## Work to complete
Entries below include pictures. Output exactly the lines from the one with "LOFT стол письменный" down to the one with "Graph 4: arw039.png", both ends included, and leave the pictures out.
━━━━━━━━━━━━━━━━━━━━━━━━━━━━━━
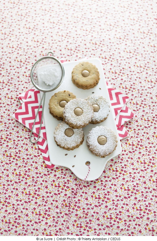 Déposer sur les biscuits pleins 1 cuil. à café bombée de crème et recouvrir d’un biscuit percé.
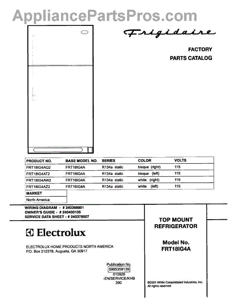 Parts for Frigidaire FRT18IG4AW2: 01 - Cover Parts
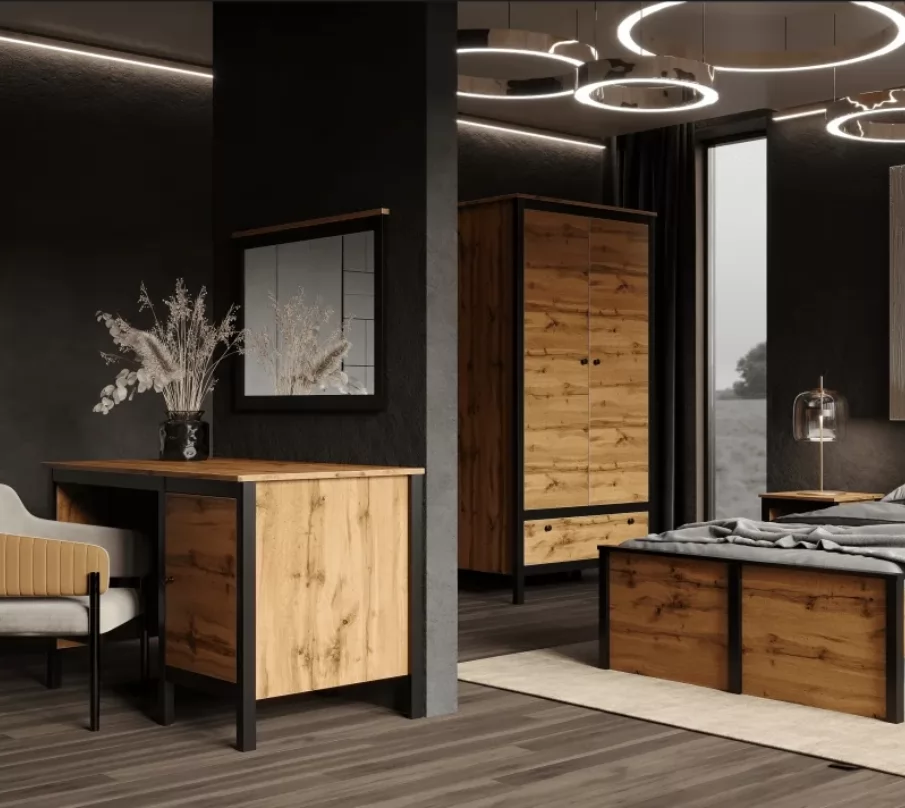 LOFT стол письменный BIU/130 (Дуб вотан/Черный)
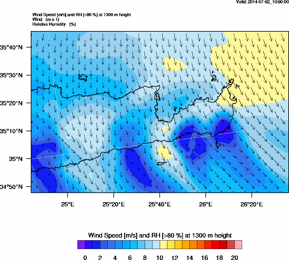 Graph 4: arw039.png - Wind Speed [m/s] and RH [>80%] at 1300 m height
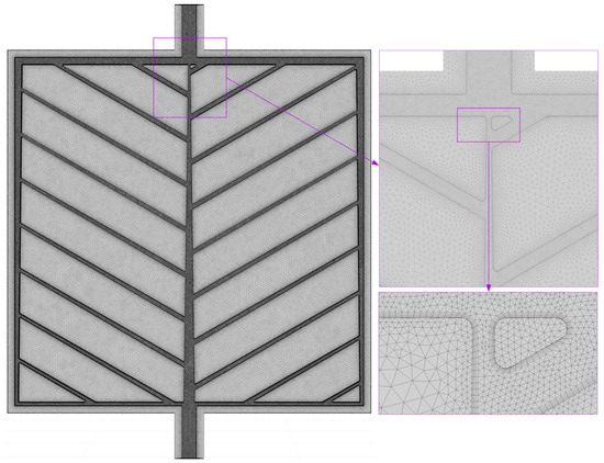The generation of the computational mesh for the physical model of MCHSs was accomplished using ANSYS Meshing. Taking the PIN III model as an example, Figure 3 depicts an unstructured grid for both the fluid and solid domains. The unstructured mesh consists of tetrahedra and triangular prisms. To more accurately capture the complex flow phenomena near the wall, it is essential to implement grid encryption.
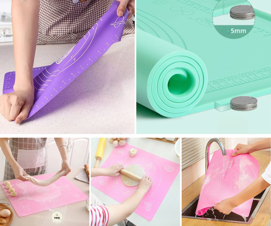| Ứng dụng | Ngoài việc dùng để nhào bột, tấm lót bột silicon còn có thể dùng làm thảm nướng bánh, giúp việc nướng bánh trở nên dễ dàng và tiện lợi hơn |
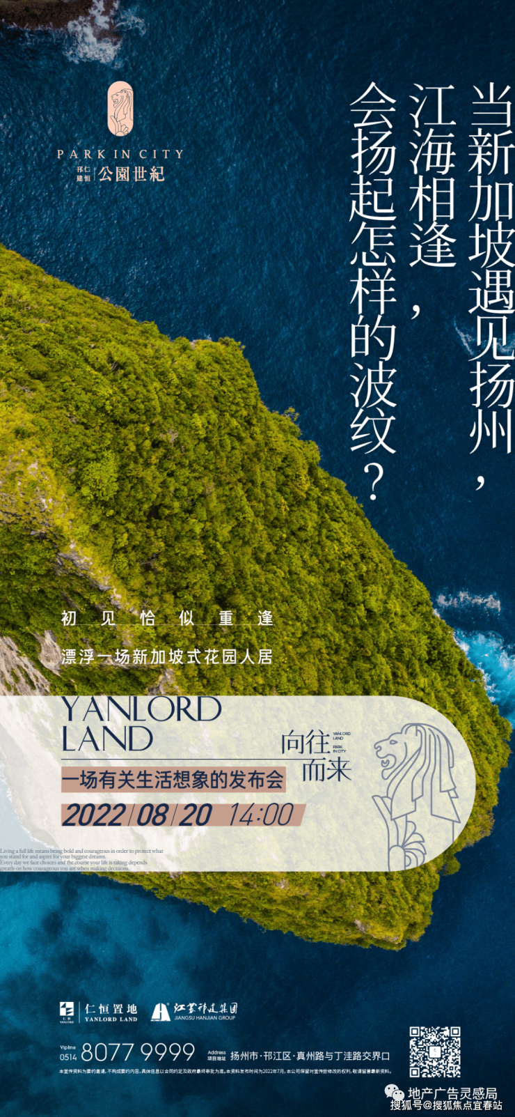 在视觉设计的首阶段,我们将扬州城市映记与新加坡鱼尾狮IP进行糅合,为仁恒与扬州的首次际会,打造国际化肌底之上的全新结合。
━━━━━━━━━━━━━━━━━━━━━━━━━━━━━━
## Exercise response
 LOFT стол письменный BIU/130 (Дуб вотан/Черный)
 Graph 4: arw039.png - Wind Speed [m/s] and RH [>80%] at 1300 m height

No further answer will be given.